Добавить в цитаты Настройки чтения

Страница 3 из 6



— По-моему, это хорошо написано. Хотя не знаю, что подумают другие. — Рут молчала. — Во всяком случае… видишь ли, я как-то не ожидала, что ты напишешь такую книгу.

— Вот как?

— Ты… ты знала кого-нибудь в колледже, кто делал аборт?

— Можно ведь узнать что угодно, если держать глаза и уши открытыми, разговаривать с людьми, слушать, что они рассказывают, и дополнять недосказанное воображением.

— Но эта девушка, которую ты описываешь, у которой роман… Разве так уж необходимы были все эти подробности?

— Мне хотелось написать возможно жизненнее и правдивее.

— Да, но… должна признаться, меня не раз бросало в краску. Собственно, там есть такие вещи, о которых даже я толком не знаю.
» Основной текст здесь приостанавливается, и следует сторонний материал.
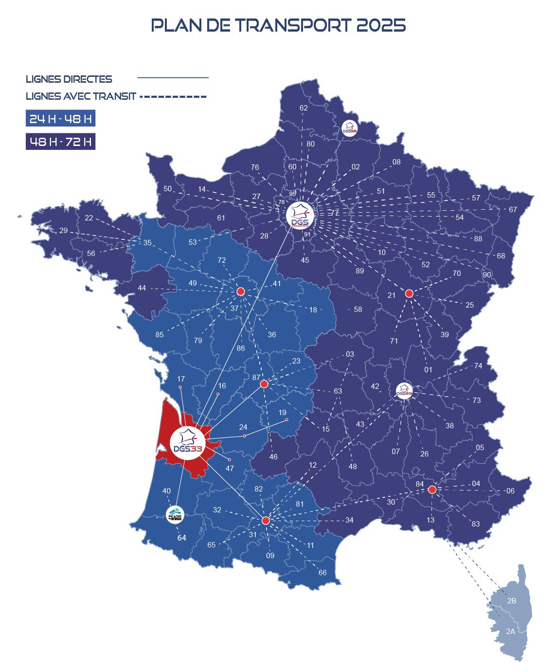 En toute transparence, nous vous présentons ici les plans de transport que nous exploitons pour vos livraisons.
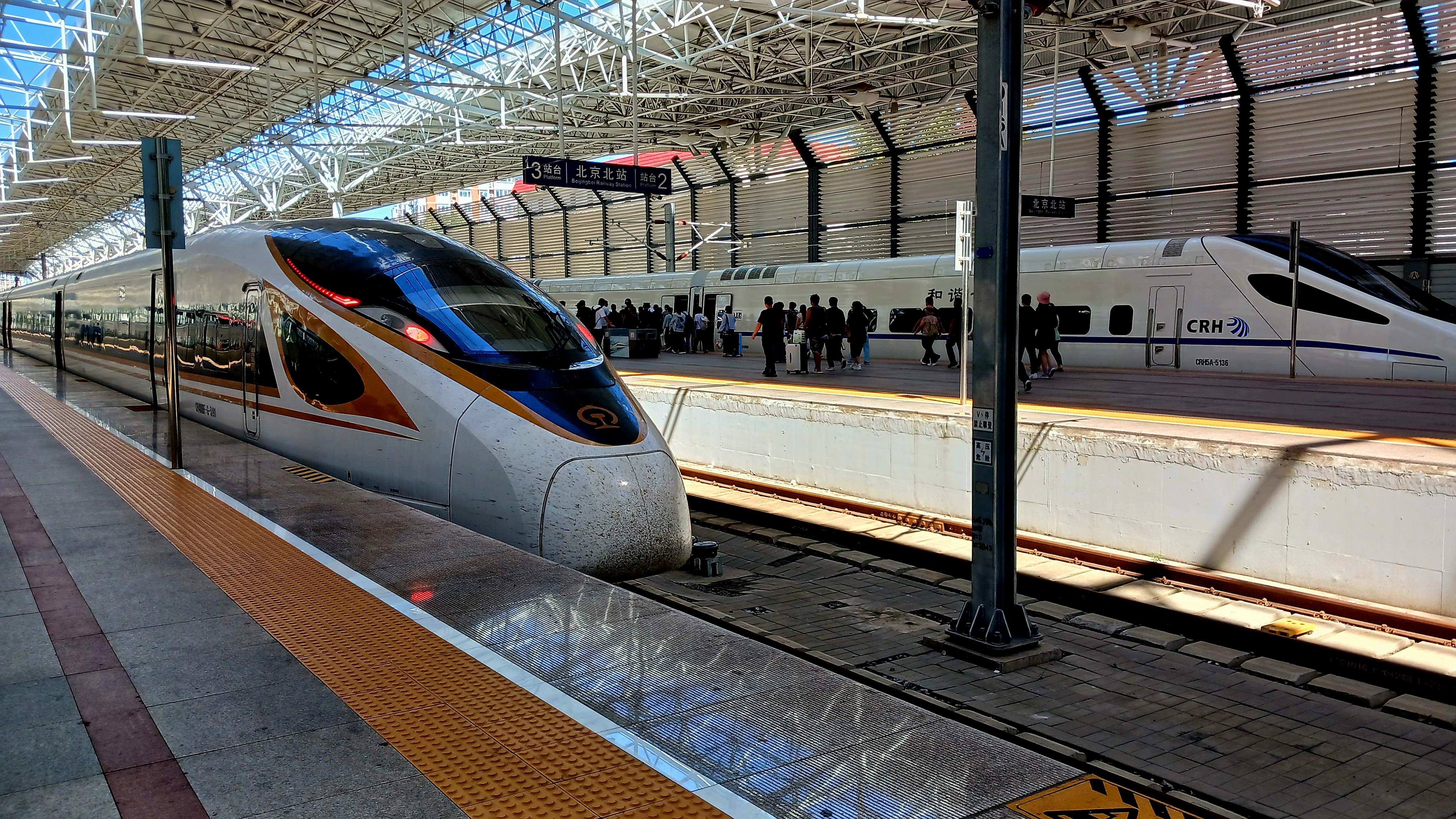우란차부점에서 컵라면으로 아침 식사를 간단하게 하고 오전10시 10분 베이징북점(北京北站)행 G2482편으로 환승하니 장자커우 를 경유하여 350km를 내달려 오전11시40분 베이징북점에 도착합니다.중국의 수도 베이징의 고속철도역이라 규모도 크고 플랫폼이나 대합실은 인산인해를 이룹니다.
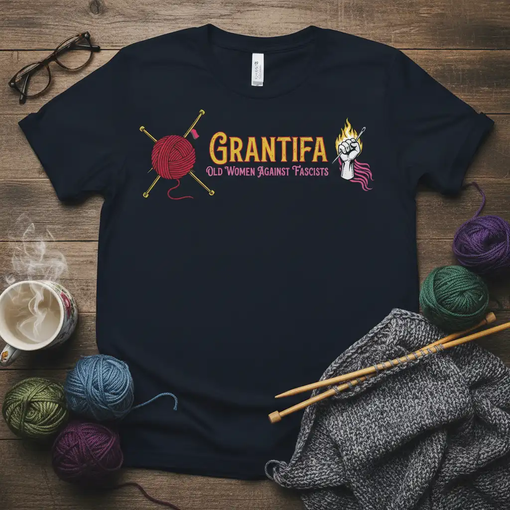 This distinctive t-shirt features the empowering slogan “Grantifa Old Women Against Fascists” in eye-catching typography. The design is enhanced with charming graphics that represent both knitting and activism. A ball of yarn intertwined with knitting needles sits on one side, symbolizing the craft and dedication often associated with grandmothers. On the other side, a raised fist, a universal symbol of protest and resistance, is depicted with fiery accents and flowing fabric, representing passion and determination.
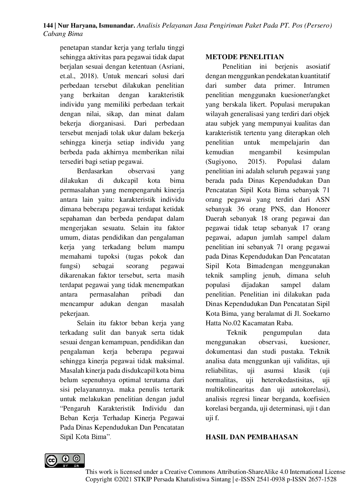 Jurnal Pendidikan Ekonomi (JURKAMI)Jurnal Pendidikan Ekonomi (JURKAMI)Penelitian ini bertujuan untuk mengetahui dan menganalisis . Jenis penelitian yang digunakan yaitu asosiatif dengan pendekatan kuantitatif dari sumber data primer. Instrumen penelitian menggunakan kuesioner dengan skala likert. Populasi dalam penelitian ini adalah seluruh pegawai yang berada pada Dinas Kependudukan dan Pencatatan Sipil Kota Bima sebanyak 71 orang pegawai, adapun sampel dalam penelitian ini menggunakan teknik sampling jenuh. Teknik pengumpulan data menggunakan observasi, kuesioner, dokumentasi dan studi pustaka. Teknik analisa data menggunakan statistik. Hasil penelitian menunjukan bahwa secara parsial karakteristik individu berpengaruh secara signifikan terhadap kinerja pegawai pada Dinas Kependudukan dan Pencatatan Sipil Kota Bima sedangkan beban kerja tidak berpengaruh signifikan terhadap kinerja pegawai pada Dinas Kependudukan dan Pencatatan Sipil Kota Bima, secara simultan karakteristik individu dan beban kerja tidak berpengaruh signifikan terhadap kinerja pegawai pada Dinas Kependudukan dan Pencatatan Sipil Kota Bima dengan tingkat hubungan rendah yaitu sebesar 6,6%.
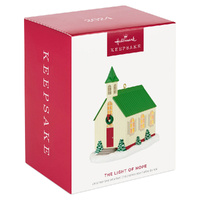 A beautiful representation of a heart full of faith, this Christmas tree ornament features a charming church with a red door and green roof and steeple surrounded by a dusting of glittery snow. Insert the bulb of a standard miniature light string through the rubber grommet on the ornament to create a special lighting effect.
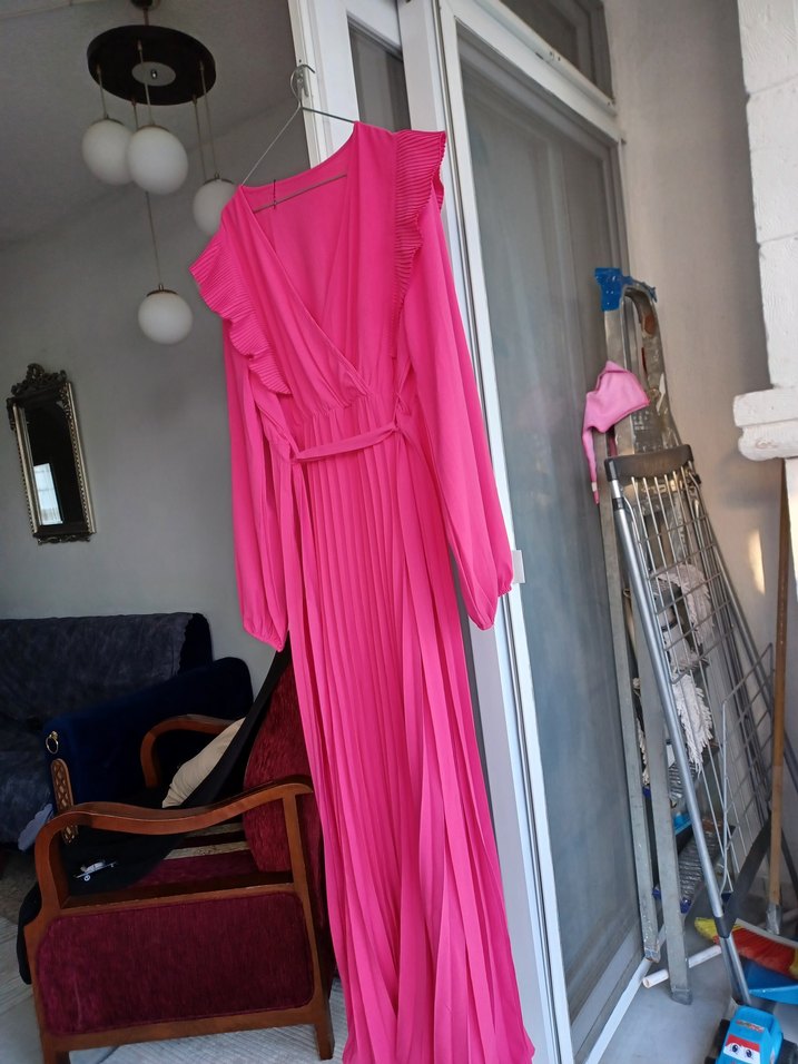 Pembe renkli, piliseli ve askısız yakalı, bol kesim uzun elbise. Pürüzsüz sentetik kumaştan, günlük kullanıma uygun çağdaş Paris tarzı.
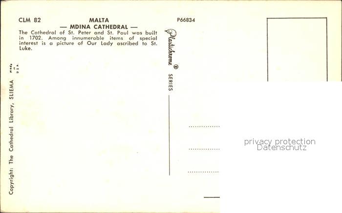 Malta Kathedrale Peter und Paul postalisch nicht gelaufen Erhaltung siehe scans
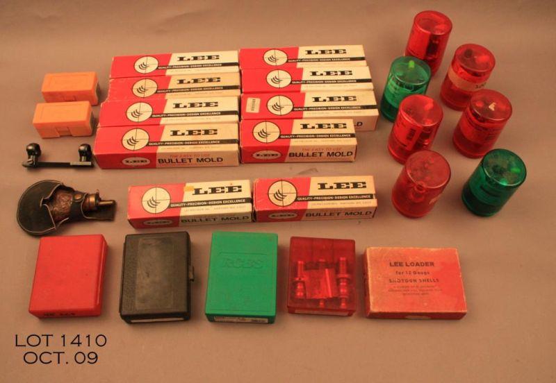 Bonanza lot of reloading dies, misc. gun parts, sight parts, powder measuring devices, Lee bullet molds in their factory boxes, etc.; a great box lot with many goodies for the hand loader. Est.: $100-$200.
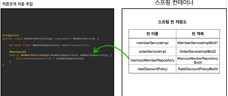 @AutoWired를 명시하면 등록된 스프링 컨테이너에서 빈객체를 찾아서 주입해준다.
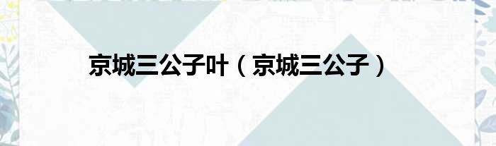大家好,今天小六子来为大家解答以下的问题,关于京城三公子叶,京城三公子这个很多人还不知道,现在让我们一起来看看吧!
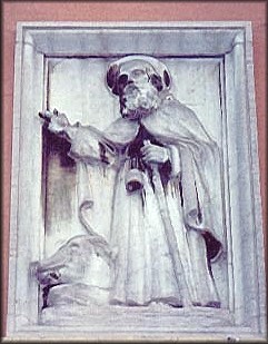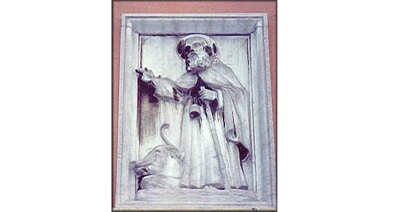 Il bassorilievo raffigura s. Antonio abate benedicente che tiene nella mano sinistra un bastone cui è appesa una campanella.
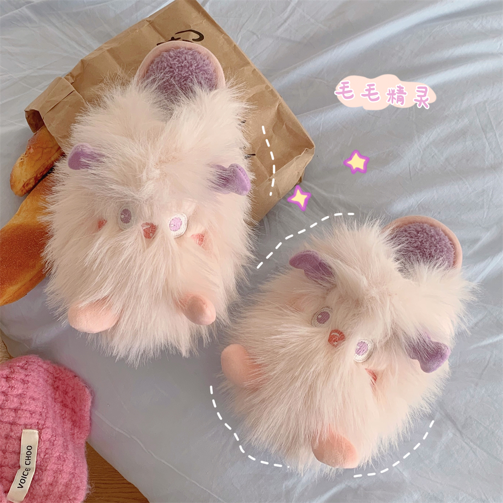 细细条 棉拖鞋女秋冬季居家保暖可爱少女心粉色小怪兽毛毛月子鞋
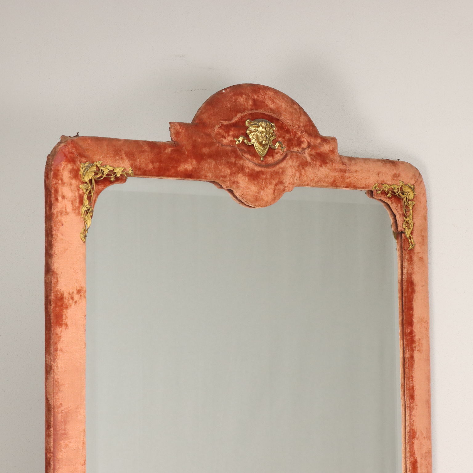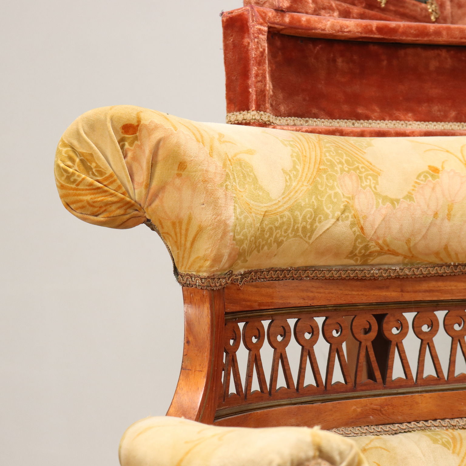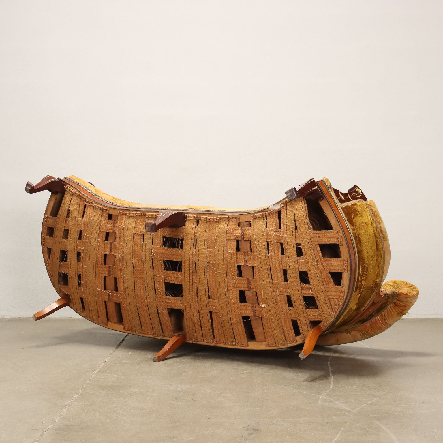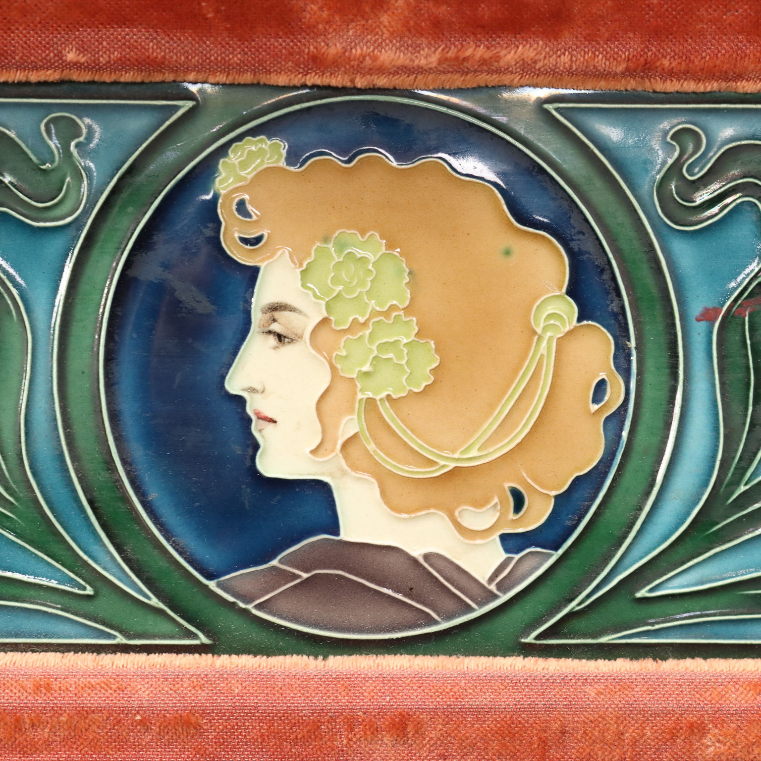 Divano d'angolo curvo con alzata con mensola e specchio. Il divano realizzato in mogano presenta piedi mossi e braccioli con intagli a "colpi di frusta" e fiori tipici rimarcati da doratura, nello schienale motivo traforato. Stoffa originale di gusto floreale. L'alzata rivestita in velluto rosso, cin specchio centrale, presenta delle formelle in ceramica viennese liberty con le tipiche figure femminili con riferimenti alla danza e musica. Decorazioni in bronzo dorato. Piccoli danni e mancanze

— Ну что ты, мама. Ты же родила троих детей.

— Во всяком случае, не знала, пока не вышла замуж.

— Времена меняются.

— Да. Значит, я должна примириться — видимо, ничего другого мне не остается, как примириться с тем, что ты уже…

— Мама, — решительно прервала ее Рут, — книга — это книга, а моя личная жизнь никого не касается.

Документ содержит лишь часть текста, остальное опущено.